AIM OF THE TASK: Which lines run from the one with "[بَابُ الْوَصِيَّةِ بِالْعِتْقِ" through the end of the data? Retype them exactly, without pictures.

INFORMATION:
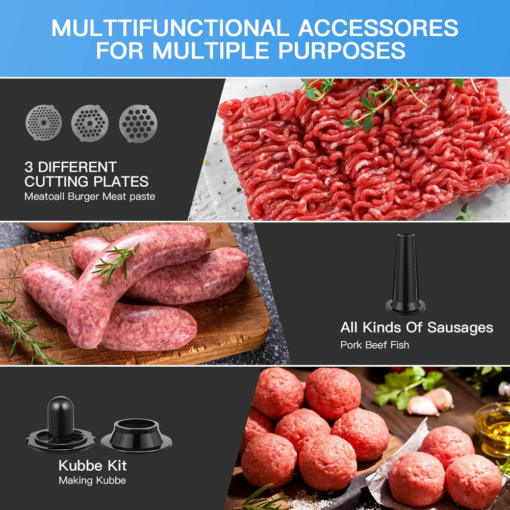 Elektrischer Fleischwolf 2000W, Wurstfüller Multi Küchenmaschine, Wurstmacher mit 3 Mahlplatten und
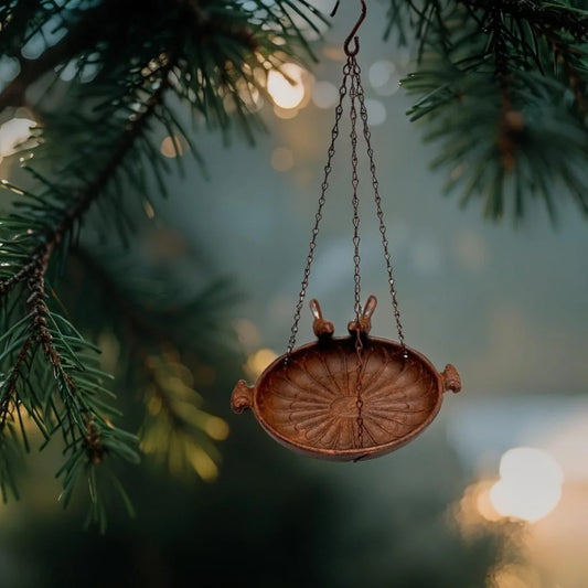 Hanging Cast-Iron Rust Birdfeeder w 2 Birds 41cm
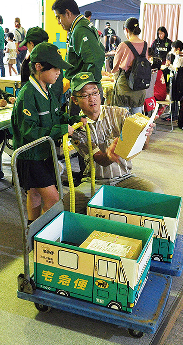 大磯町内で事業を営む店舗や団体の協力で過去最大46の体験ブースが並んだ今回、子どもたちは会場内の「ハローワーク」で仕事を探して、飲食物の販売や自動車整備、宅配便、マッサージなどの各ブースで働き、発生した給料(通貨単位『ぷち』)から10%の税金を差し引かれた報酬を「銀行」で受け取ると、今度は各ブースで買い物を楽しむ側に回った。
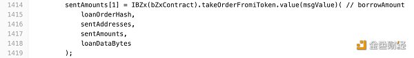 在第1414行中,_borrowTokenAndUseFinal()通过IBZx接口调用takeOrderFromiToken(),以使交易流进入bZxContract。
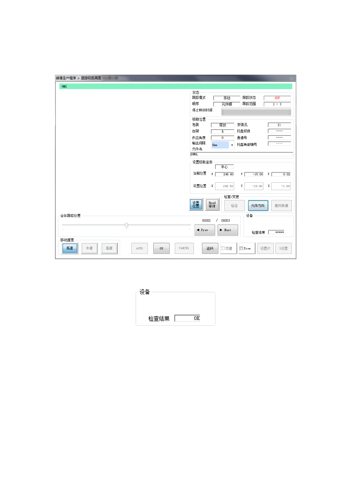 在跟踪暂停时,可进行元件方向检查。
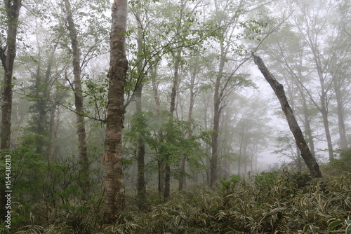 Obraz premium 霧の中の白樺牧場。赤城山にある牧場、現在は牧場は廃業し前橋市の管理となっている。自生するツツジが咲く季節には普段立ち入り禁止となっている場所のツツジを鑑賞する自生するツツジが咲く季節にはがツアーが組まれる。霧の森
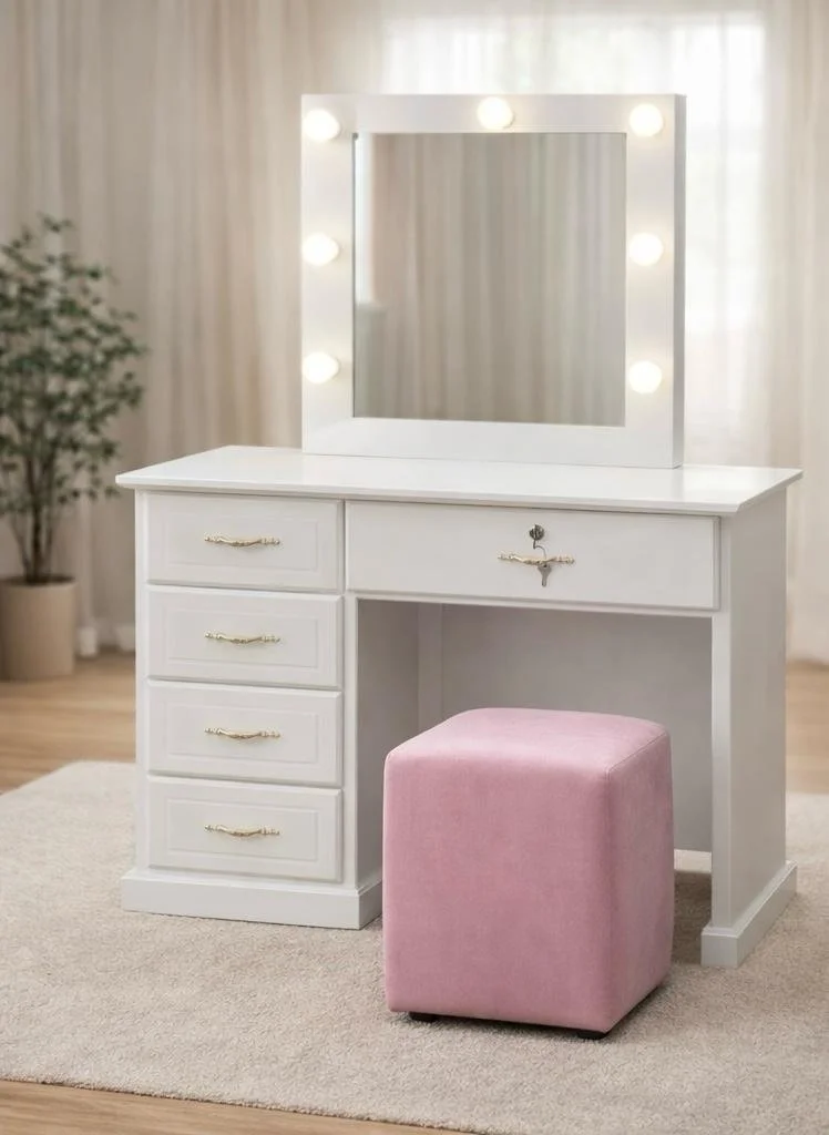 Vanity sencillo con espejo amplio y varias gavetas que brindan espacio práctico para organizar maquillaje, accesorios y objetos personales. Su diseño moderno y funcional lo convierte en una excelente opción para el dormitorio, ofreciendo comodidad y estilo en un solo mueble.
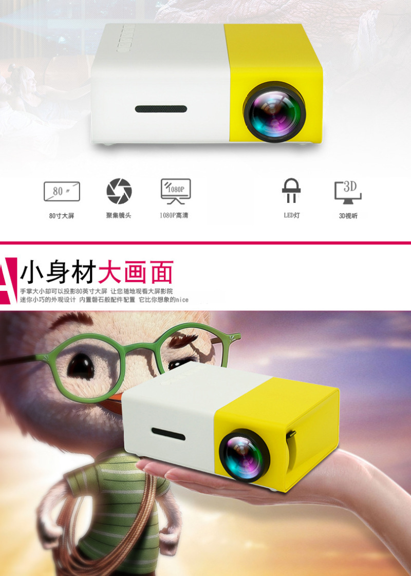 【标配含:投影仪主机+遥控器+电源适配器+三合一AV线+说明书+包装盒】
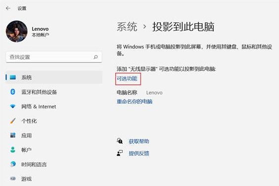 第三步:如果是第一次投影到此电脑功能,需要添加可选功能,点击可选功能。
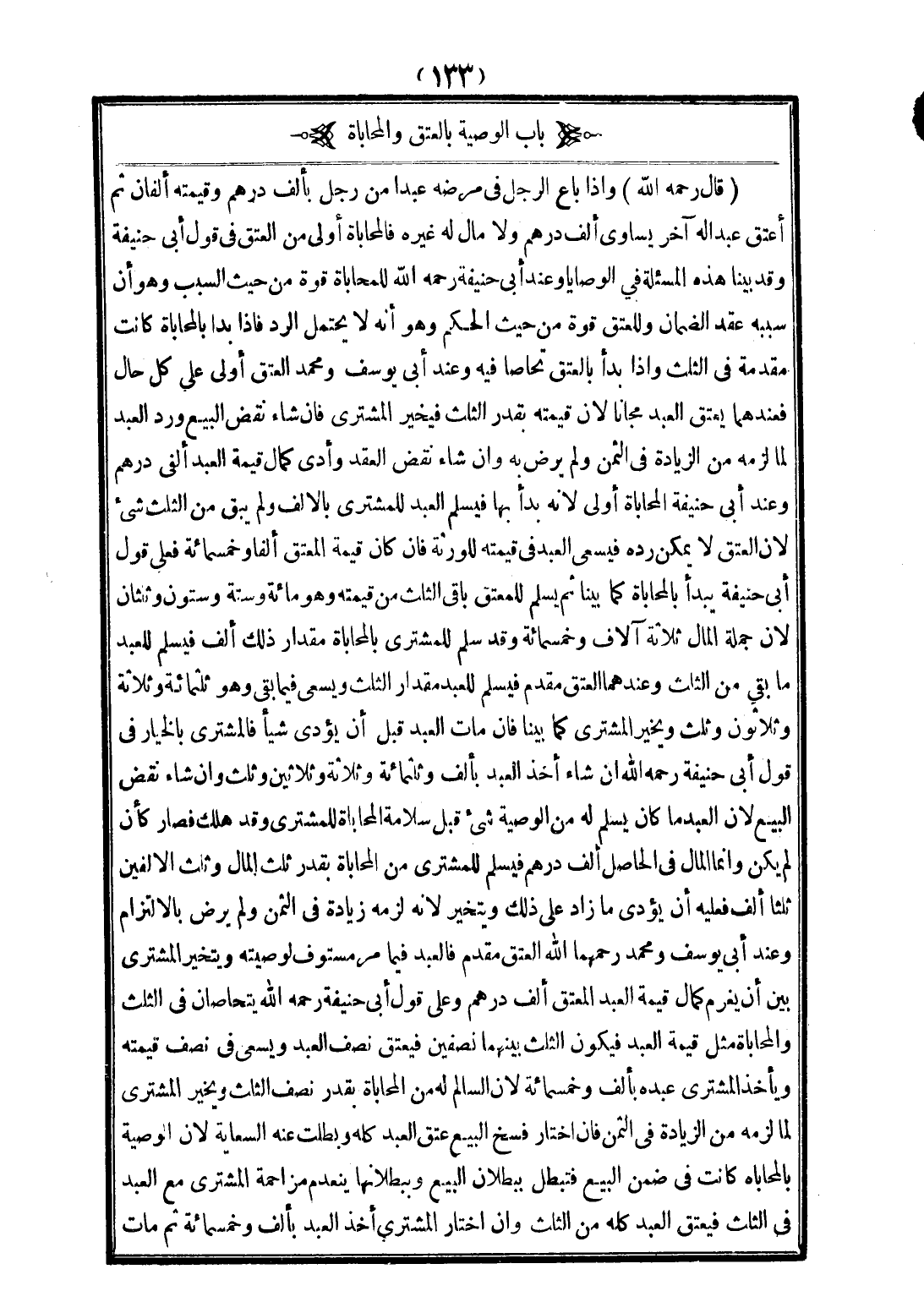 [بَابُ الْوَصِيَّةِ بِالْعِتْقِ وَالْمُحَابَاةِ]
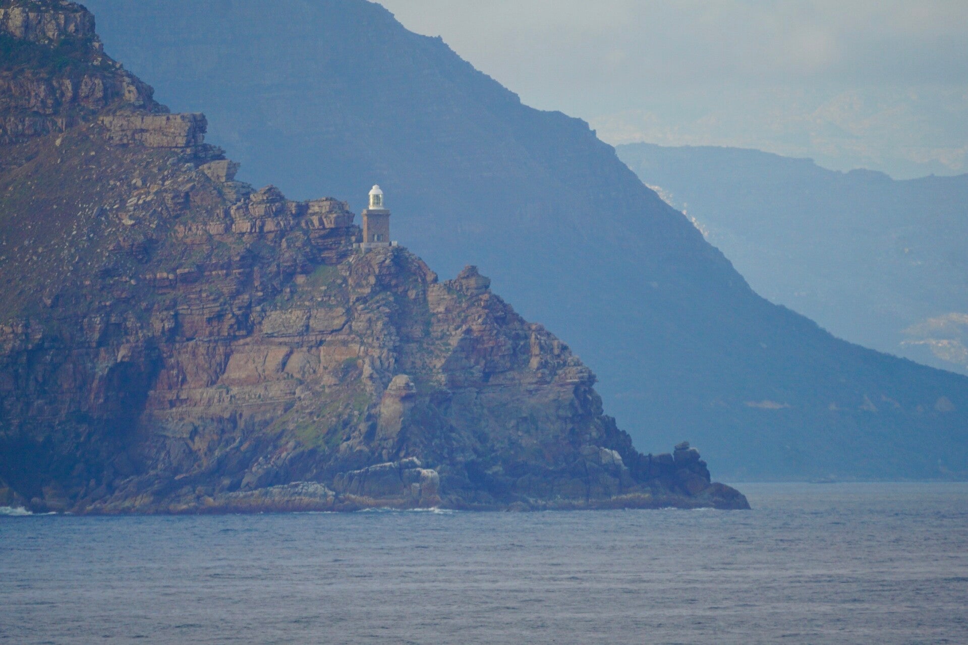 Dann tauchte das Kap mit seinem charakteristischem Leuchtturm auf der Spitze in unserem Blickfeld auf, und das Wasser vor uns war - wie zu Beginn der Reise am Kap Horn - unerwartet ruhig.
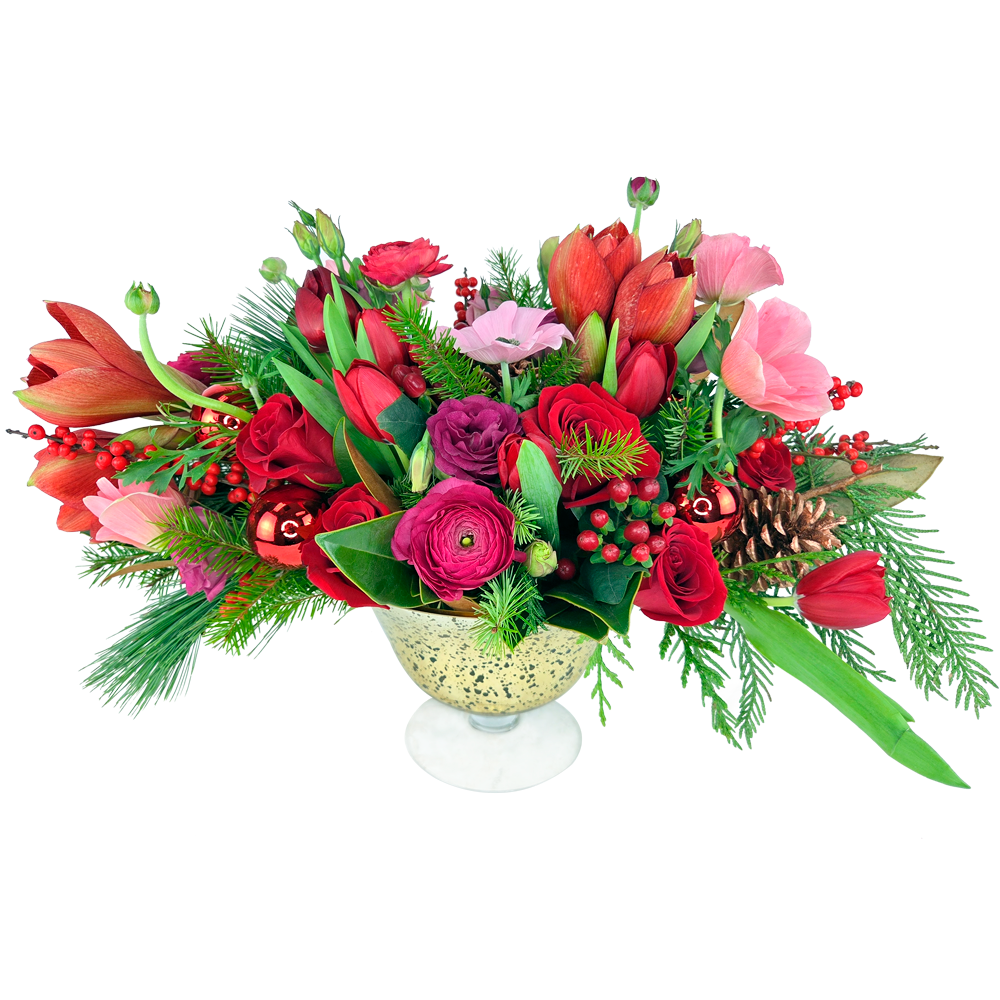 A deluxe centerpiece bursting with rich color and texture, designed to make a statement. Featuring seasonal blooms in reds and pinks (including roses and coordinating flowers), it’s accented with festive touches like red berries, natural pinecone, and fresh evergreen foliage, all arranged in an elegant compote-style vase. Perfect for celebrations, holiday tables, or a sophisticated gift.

OUTPUT:
 [بَابُ الْوَصِيَّةِ بِالْعِتْقِ وَالْمُحَابَاةِ]
 Dann tauchte das Kap mit seinem charakteristischem Leuchtturm auf der Spitze in unserem Blickfeld auf, und das Wasser vor uns war - wie zu Beginn der Reise am Kap Horn - unerwartet ruhig.
 A deluxe centerpiece bursting with rich color and texture, designed to make a statement. Featuring seasonal blooms in reds and pinks (including roses and coordinating flowers), it’s accented with festive touches like red berries, natural pinecone, and fresh evergreen foliage, all arranged in an elegant compote-style vase. Perfect for celebrations, holiday tables, or a sophisticated gift.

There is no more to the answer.